Moshe knew that his task was to overcome the cognitive dissonance of the people. The stutter was literally referred to as the ‘heaviness’ of the month and tongue. The weight of the words broke the channels of everyday communication. Having something hard to say due to its extreme gravity, on account of its enormous significance, produces the disruption of the normal flow of speech. Stammering symbolizes the speaking of the language of the unsayable.
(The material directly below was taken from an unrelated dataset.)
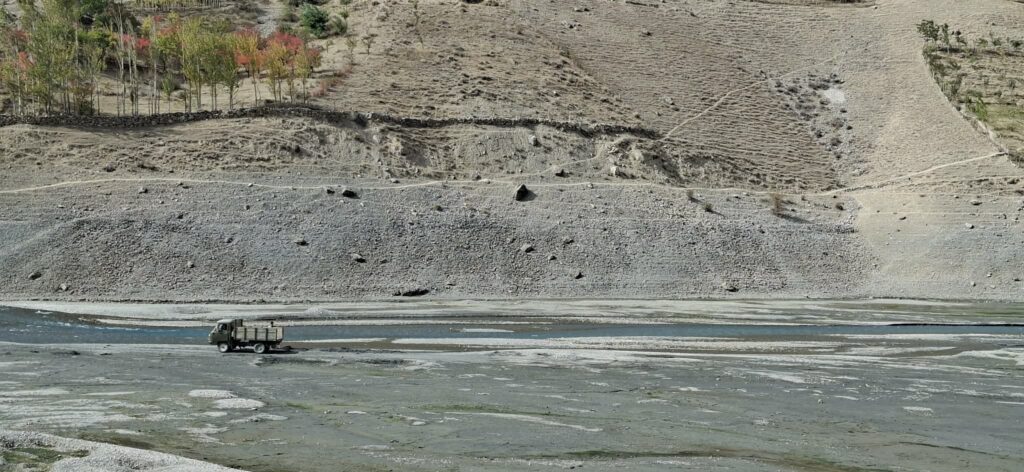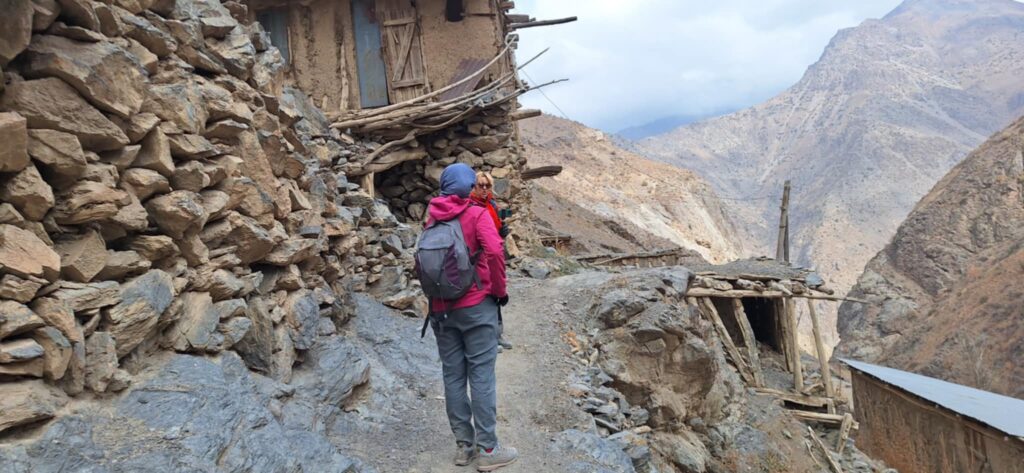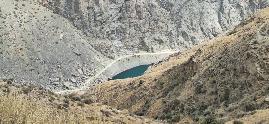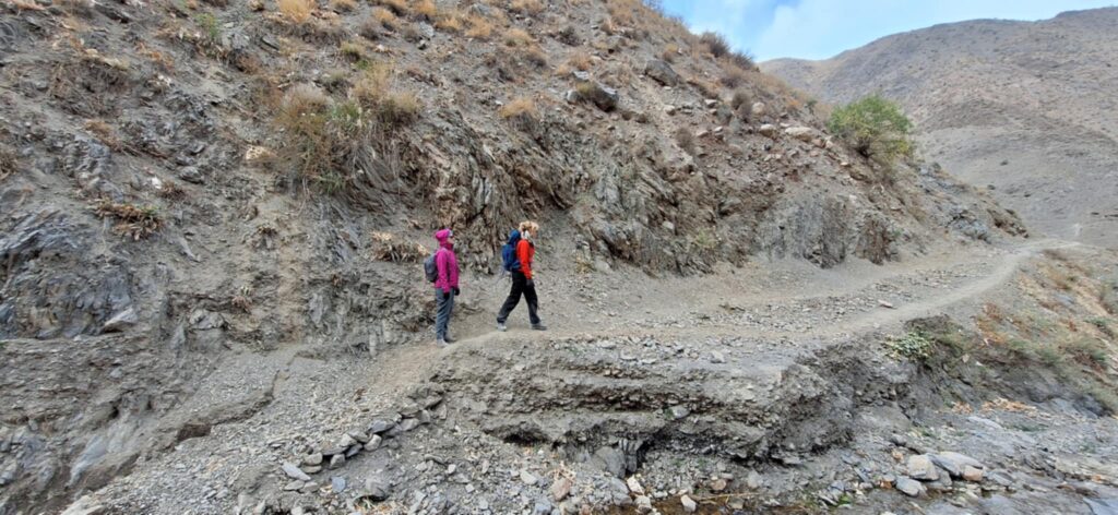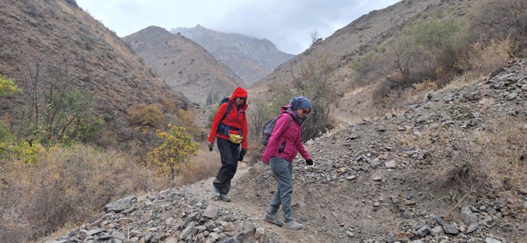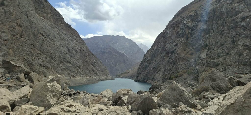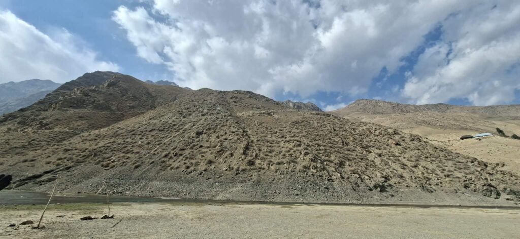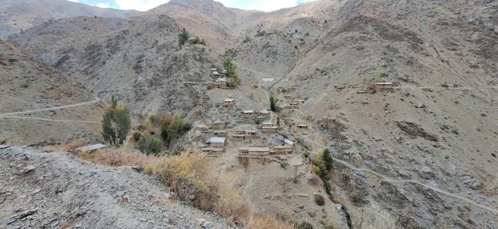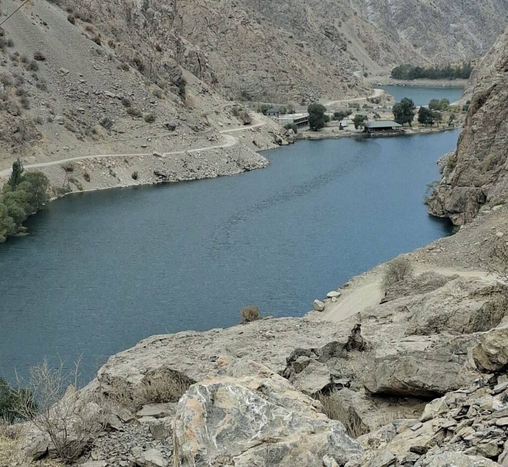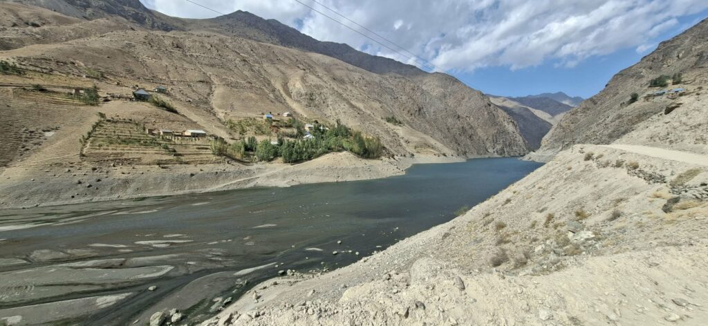 Droga wiodąca w dół kierowała nas przez górską rzeczkę w kierunku osady. Potok mniej więcej dziesięciometrowej szerokości pokonaliśmy skacząc po kamieniach wystających z nurtu. Za strumieniem ścieżka zaczęła się piąć w górę. Dziewczyny idąc obok jednej z zamieszkałych chat niespodziewanie zostały zaatakowane przez psa. Na szczęście skończyło się na szczekaniu i strachu. „Strażnik” pilnował obejścia i małej, około 10 letniej dziewczynki. Zatrzymaliśmy się przy pięknie usytuowanej ławce, widząc przed sobą wyminiętą przed chwilą osadę oraz całą piękną dolinę z wąwozem. Za naszymi plecami rozpostarty był ogromny masyw górski. Ten dzień i to miejsce oraz to co było poniżej przy potoku było kwintesencją całej Tadżyckiej przygody. Najlepsze chwile spędzone w tym kraju.

Spasmodic communication has come to define spiritual communication of the present day as well. The modes of discourse for earlier generations do not smoothly compute for the current one. The message is at best broken up and hard on the ear. Moreover, it is equally hard for the speaker, who properly belongs to a different world, to deliver. Yet, with the right coaching and adjustment to the new mediums of communication—more Facebook, Youtube and Twitter than Radio—we might find the confidence to stand in front of the world and emerge as the leaders we were intended to be.
To lead implies an envisioned goal or direction. Imparting that vision actualizes a person’s potential for leadership. Somewhere between the vision and its acceptance in the ears, minds and hearts of the people, lies a gap which is filled by efforts at expression that must overcome an initial stuttering. Unimpeded speech belongs to the order of promises of a utopic future. We cannot remain tongue-tied and tight lipped nor should we trip over our words any longer.